CS: I see that T-Bone Burnett mixed this album for you. Have you worked with him before?
JH: I've known T-Bone for almost a decade. He produced a record of mine back in 1990 when I was living in New York and we became great pals. We've done a lot of things together since we moved to California. T-Bone has been playing my guardian angel in the most bizarre unexpected ways. He'll disappear for about six months at a time and then resurface at a time when I didn't even know I needed him.

CS: Was T-bone your guardian angel on this record? I thought the monkey was.
JH: (Laughing) Initially, I was working on this record alone in my garage, just running a song as far as I could go with it until I needed help. Then I'd set it aside and work on another one. I continued like that, in a vacuum, for some time. One evening, T-bone and his wife came over for dinner and we ended up out in the garage. We spent the next several hours mixing things and discussing elements of the songs that were working and not working. Later, as I got closer to completion of the album, T-bone offered to mix it. He really brought a fresh ear to the process, as he didn't have any emotional attachments to any of it. He really did a beautiful job.

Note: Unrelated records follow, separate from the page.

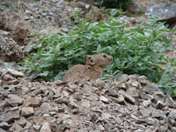 The burrows of Daurian pika were everywhere along the Yol Valley, and these relatives of Hokkaido’s naki usagi were more numerous and more confiding than pika I have seen anywhere else; they were already harvesting grasses, carrying great mouthfuls back to their burrows in readiness for the winter.
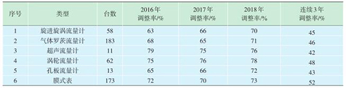 2017年對油田范圍20個單位天然氣貿易交接計量用流量計的計量性能和現場管理情況進行檢查,完成了142臺流量計信息采集工作。2018年重點對500臺天然氣貿易交接用流量計進行3個周期的檢定數據追蹤,并隨機抽取100臺進行了離線檢定,進行數據核查對比,即采用音速噴嘴氣體流量標準裝置對不同類型、不同廠家的天然氣流量計進行離線檢定,同時對近年來油田二級單位的天然氣流量計多個周期的檢定數據進行分析,分析歷年檢定數據、專項抽檢檢定數據以及日常實驗數據。項目組選取了500臺流量計進行了數據跟蹤分析,數據見表1。
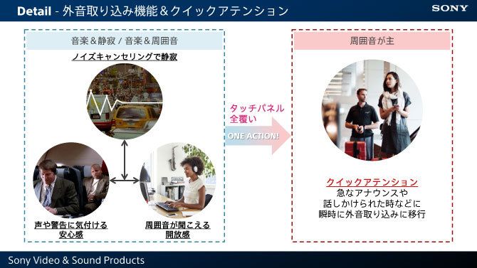 人に話しかけられたときなどは、右側のハウジングを手で覆うと、音楽の音量が下がって外音が聞こえるようになる(クイックアテンションモード)。
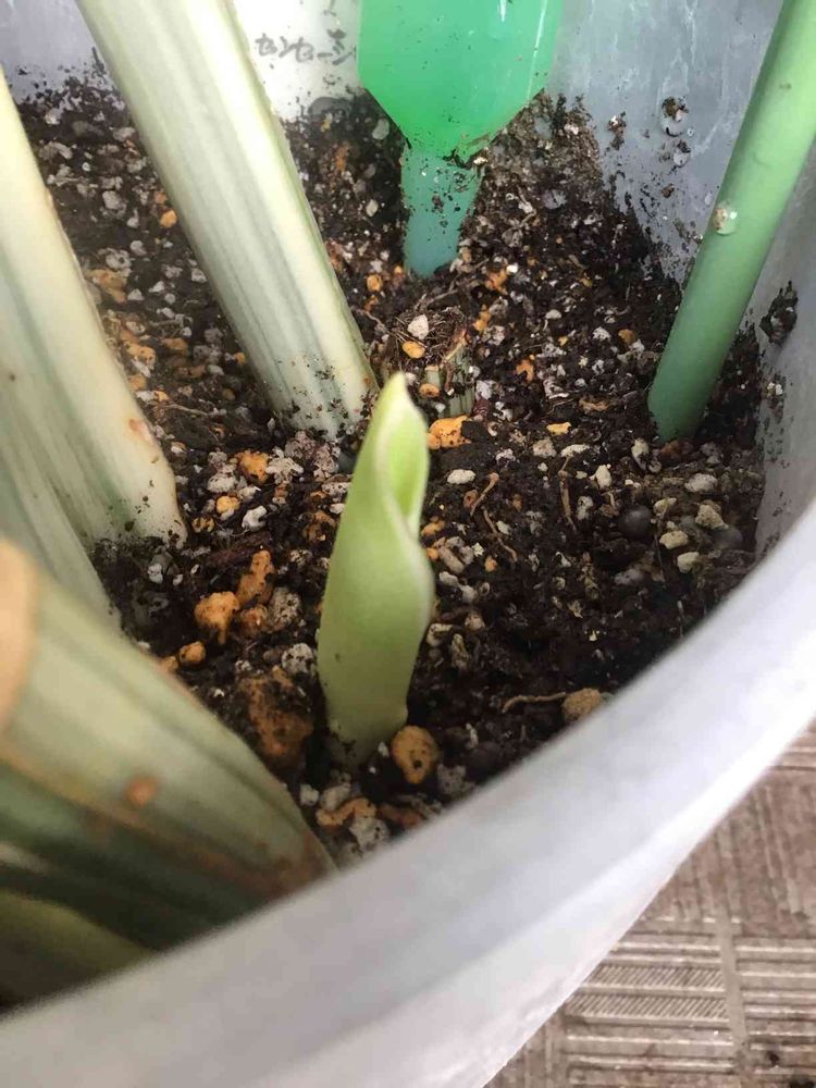 葉が倒れてきてしまい、いろんなアドバイスを聞いて植え替えやらお世話に翻弄された子でしたが、なんと新芽が出てきてくれてました!
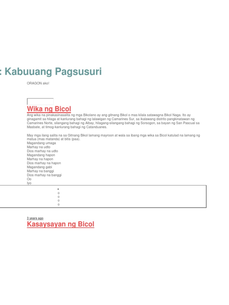 I-download ang lahat ng mga pahina 1-24. May mga ilang salita na sa Gitnang Bikol lamang mayroon at wala sa ibang mga wika sa Bicol katulad na lamang ng matua mas matanda at bitis paa. Ang ibang wikain ng Sebwano ay nabibigyan ng ibat ibang pangalan ang wika.
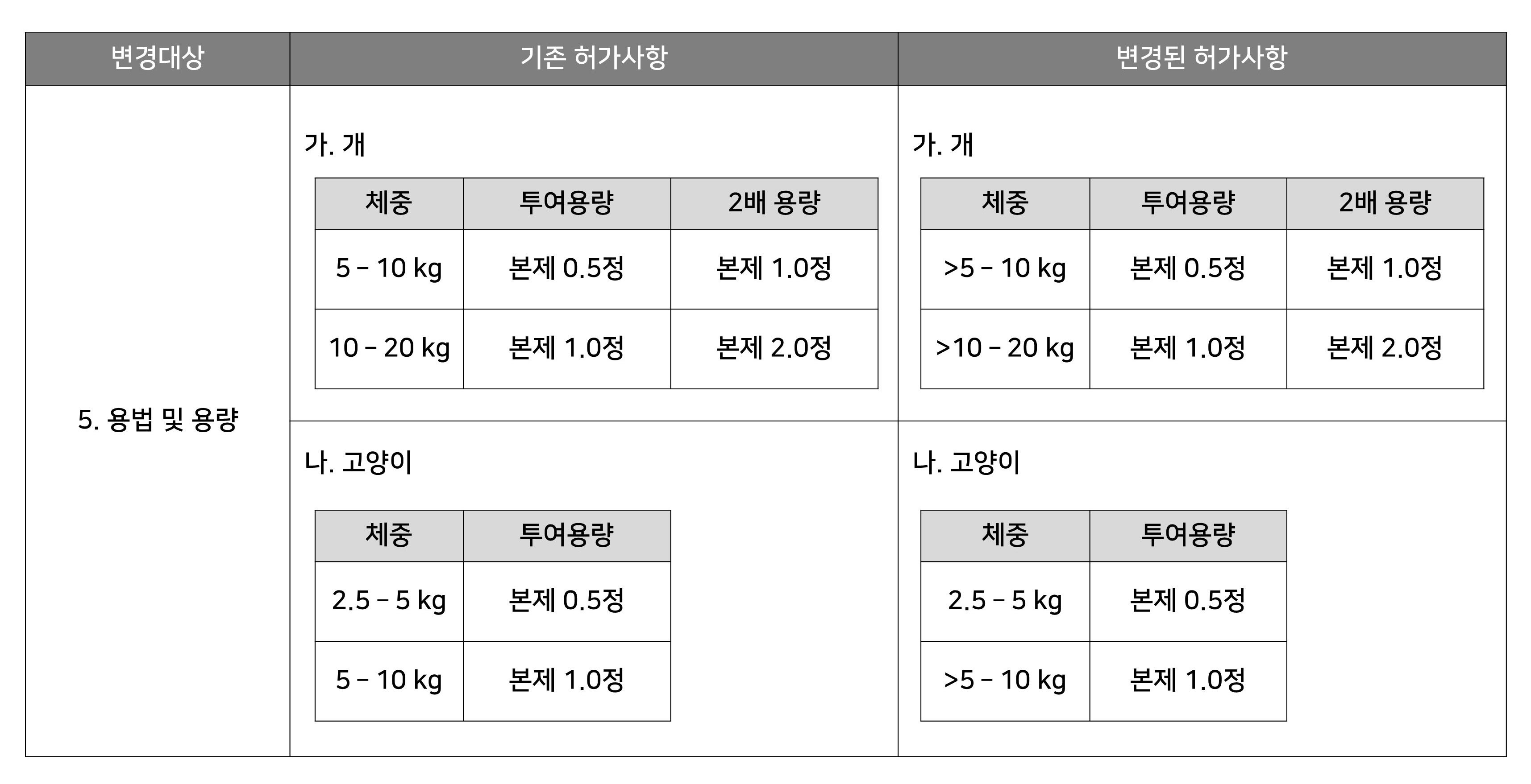 [허가사항 변경 전, 후 비교표]
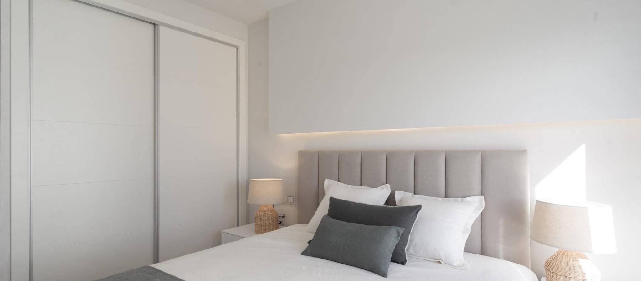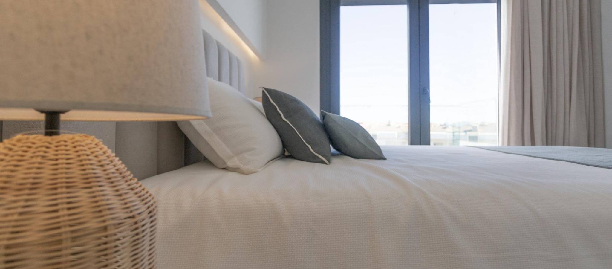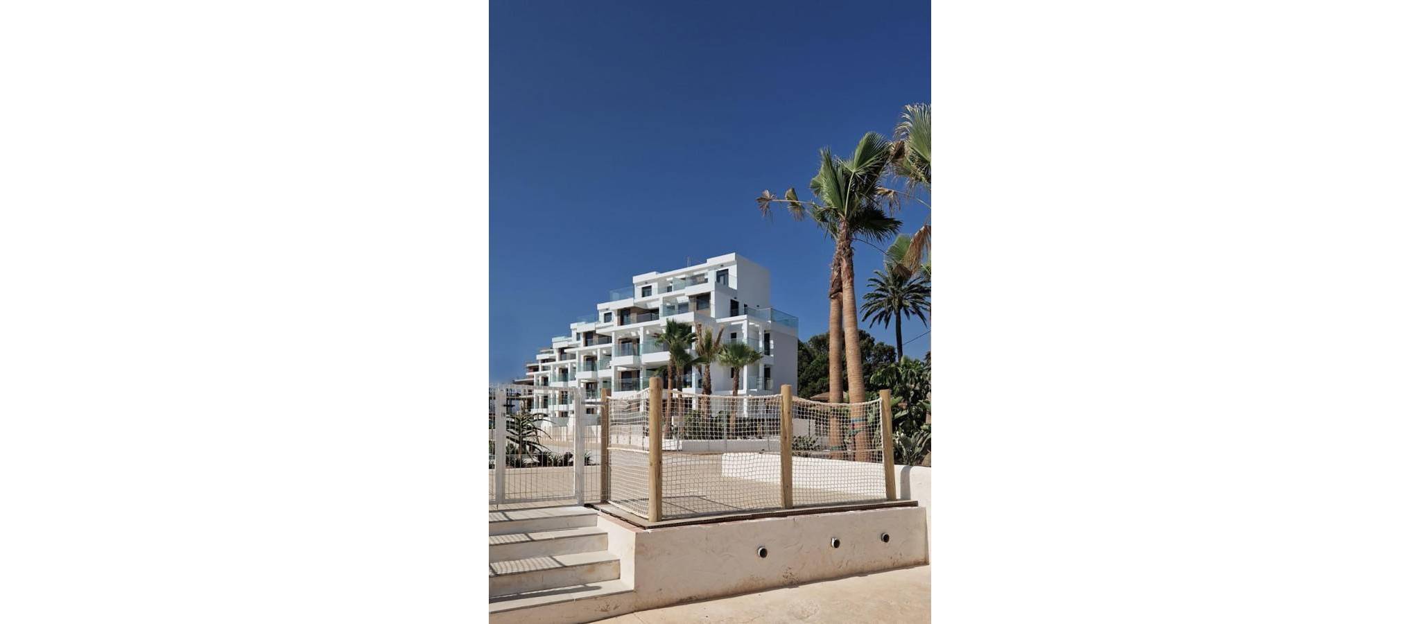 MEDITERRANEAN HOUSING A FEW METERS FROM THE SEA Exclusive complex of Mediterranean construction a few meters from the sea. On the beachfront, in front of L´Estanyo beach (7 km from the town center). Apartments and penthouses with two and three bedrooms, all with sea views. Magnificent common areas with a large garden area and two swimming pools, one for children. In an unbeatable location, in the area known as L´Estanyo that gives its name to its beach, with calm waters, an extensive area of golden sand surrounded by all facilities and services, as well as leisure and restaurant venues.
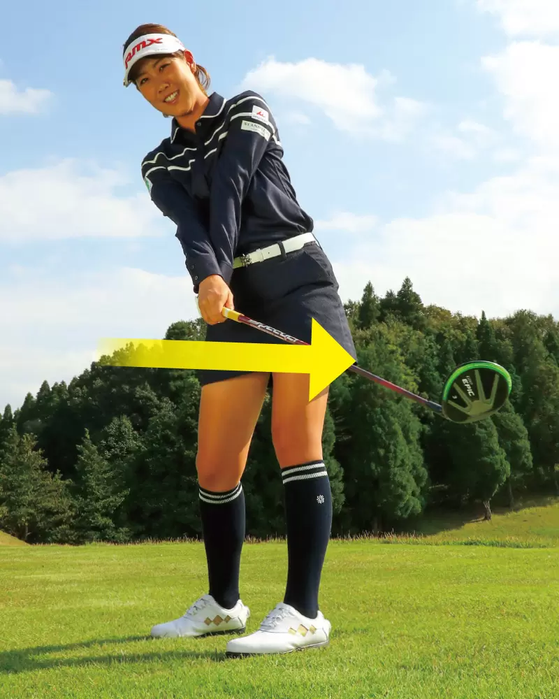 フェースを閉じている分、インサイドアウトに振っても球は捕まえることができます。
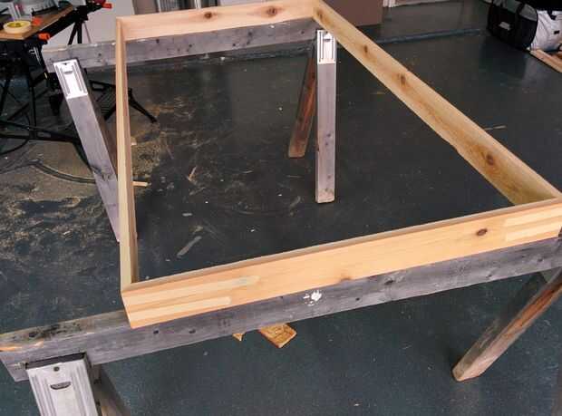 Entonces descubrí que usando tornillos de bolsillo a 1 x 4 a inglete es problemático, o al menos más allá de mis habilidades. Terminé sólo con pegamento en las esquinas y con tornillos de bolsillo sobre las piezas del divisor.

CS: You mentioned earlier that you tried to make this album completely different and one thing I feel you succeeded with is the music. I think it makes much more of a statement than your previous albums and stands more spiritually on its own. Was this planned?
JH: I'm so glad you picked up on that. I really wanted to make music that was just as important to the whole and wasn't there to just prop up the lyrics. I've been more of a "word" guy in the past and I've been teaching myself a whole new way to write. Instead of beginning with the lyrics, I would start from a place of rhythm, like a drum loop. A couple of times I had a song completely recorded, without having any lyrics, vocals, or melody. I've been trying to figure out what sort of lyrics the mood of the music suggests, instead of writing the music to fit the mood of the lyrics. One such song is "Fat." I wanted it to feel like a Ray Charles type of song...like it was 1955, with that real driven, rough-around-the-edges feel. I took this piece of music and drove around with it in my car for days and days, just reciting gibberish, until I found one spot where I got a leg up and then wrote leading up to it and away from it.

CS: By way of closing our interview, what made you to decide to close your album with a 1939 cover tune?
JH: (Laughing) The song, "We'll Meet Again," is an old World War II song from the Hit Parade. I knew it from the movie "Dr. Strangelove," as it closes the film. One evening, the recording engineer and I were waiting for Jakob Dylan to arrive to put down some background vocals for the track "Skin and Teeth." He was late, as usual, and we began talking about movies and I started to play that song on an old entertainment organ. We began having fun with it and started recording it with different instruments, but quit when Jakob arrived. A couple of weeks later, I played it back just for fun, or so I thought. But when I heard it, it just made sense to end the record with it.